The problem —
Repeat exactly the lines of the listing below, please, starting with the first and ending with the line containing "Diese klassischen Creolen"; leave out the rest.

Dataset —

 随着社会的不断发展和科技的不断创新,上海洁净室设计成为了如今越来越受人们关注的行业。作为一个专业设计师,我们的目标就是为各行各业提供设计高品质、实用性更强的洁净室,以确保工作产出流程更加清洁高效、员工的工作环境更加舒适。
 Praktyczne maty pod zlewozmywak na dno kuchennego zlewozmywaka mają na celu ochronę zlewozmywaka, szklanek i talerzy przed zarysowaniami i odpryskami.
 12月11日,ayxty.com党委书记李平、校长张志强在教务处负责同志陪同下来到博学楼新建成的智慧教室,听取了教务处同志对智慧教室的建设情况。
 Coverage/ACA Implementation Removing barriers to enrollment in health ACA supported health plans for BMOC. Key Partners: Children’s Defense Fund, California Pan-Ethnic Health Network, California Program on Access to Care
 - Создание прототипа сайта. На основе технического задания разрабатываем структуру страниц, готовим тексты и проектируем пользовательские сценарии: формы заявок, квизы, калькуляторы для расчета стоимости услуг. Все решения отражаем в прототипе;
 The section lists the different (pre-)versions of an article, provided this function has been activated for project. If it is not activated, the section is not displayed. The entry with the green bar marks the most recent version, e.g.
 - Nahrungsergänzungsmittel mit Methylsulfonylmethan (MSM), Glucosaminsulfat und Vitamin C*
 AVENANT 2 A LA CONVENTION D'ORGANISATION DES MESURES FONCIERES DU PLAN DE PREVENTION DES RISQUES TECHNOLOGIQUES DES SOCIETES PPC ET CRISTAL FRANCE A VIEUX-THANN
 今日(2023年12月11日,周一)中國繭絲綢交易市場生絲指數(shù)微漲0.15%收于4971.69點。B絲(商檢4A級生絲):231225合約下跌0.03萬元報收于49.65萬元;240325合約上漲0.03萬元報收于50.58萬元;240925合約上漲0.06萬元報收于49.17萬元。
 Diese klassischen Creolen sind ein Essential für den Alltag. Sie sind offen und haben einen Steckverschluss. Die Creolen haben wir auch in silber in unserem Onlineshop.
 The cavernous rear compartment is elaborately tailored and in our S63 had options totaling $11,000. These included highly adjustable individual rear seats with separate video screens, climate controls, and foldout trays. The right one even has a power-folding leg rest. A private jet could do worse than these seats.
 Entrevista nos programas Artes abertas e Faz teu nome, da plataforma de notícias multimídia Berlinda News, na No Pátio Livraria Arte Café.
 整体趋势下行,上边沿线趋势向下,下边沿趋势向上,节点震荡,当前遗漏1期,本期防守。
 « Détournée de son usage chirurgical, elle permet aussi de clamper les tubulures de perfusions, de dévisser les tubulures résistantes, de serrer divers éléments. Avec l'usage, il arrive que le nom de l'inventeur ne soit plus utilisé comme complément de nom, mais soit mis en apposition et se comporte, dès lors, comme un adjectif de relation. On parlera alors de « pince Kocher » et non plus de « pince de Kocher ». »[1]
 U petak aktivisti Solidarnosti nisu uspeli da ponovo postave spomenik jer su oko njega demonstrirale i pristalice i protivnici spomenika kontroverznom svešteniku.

Output —
 随着社会的不断发展和科技的不断创新,上海洁净室设计成为了如今越来越受人们关注的行业。作为一个专业设计师,我们的目标就是为各行各业提供设计高品质、实用性更强的洁净室,以确保工作产出流程更加清洁高效、员工的工作环境更加舒适。
 Praktyczne maty pod zlewozmywak na dno kuchennego zlewozmywaka mają na celu ochronę zlewozmywaka, szklanek i talerzy przed zarysowaniami i odpryskami.
 12月11日,ayxty.com党委书记李平、校长张志强在教务处负责同志陪同下来到博学楼新建成的智慧教室,听取了教务处同志对智慧教室的建设情况。
 Coverage/ACA Implementation Removing barriers to enrollment in health ACA supported health plans for BMOC. Key Partners: Children’s Defense Fund, California Pan-Ethnic Health Network, California Program on Access to Care
 - Создание прототипа сайта. На основе технического задания разрабатываем структуру страниц, готовим тексты и проектируем пользовательские сценарии: формы заявок, квизы, калькуляторы для расчета стоимости услуг. Все решения отражаем в прототипе;
 The section lists the different (pre-)versions of an article, provided this function has been activated for project. If it is not activated, the section is not displayed. The entry with the green bar marks the most recent version, e.g.
 - Nahrungsergänzungsmittel mit Methylsulfonylmethan (MSM), Glucosaminsulfat und Vitamin C*
 AVENANT 2 A LA CONVENTION D'ORGANISATION DES MESURES FONCIERES DU PLAN DE PREVENTION DES RISQUES TECHNOLOGIQUES DES SOCIETES PPC ET CRISTAL FRANCE A VIEUX-THANN
 今日(2023年12月11日,周一)中國繭絲綢交易市場生絲指數(shù)微漲0.15%收于4971.69點。B絲(商檢4A級生絲):231225合約下跌0.03萬元報收于49.65萬元;240325合約上漲0.03萬元報收于50.58萬元;240925合約上漲0.06萬元報收于49.17萬元。
 Diese klassischen Creolen sind ein Essential für den Alltag. Sie sind offen und haben einen Steckverschluss. Die Creolen haben wir auch in silber in unserem Onlineshop.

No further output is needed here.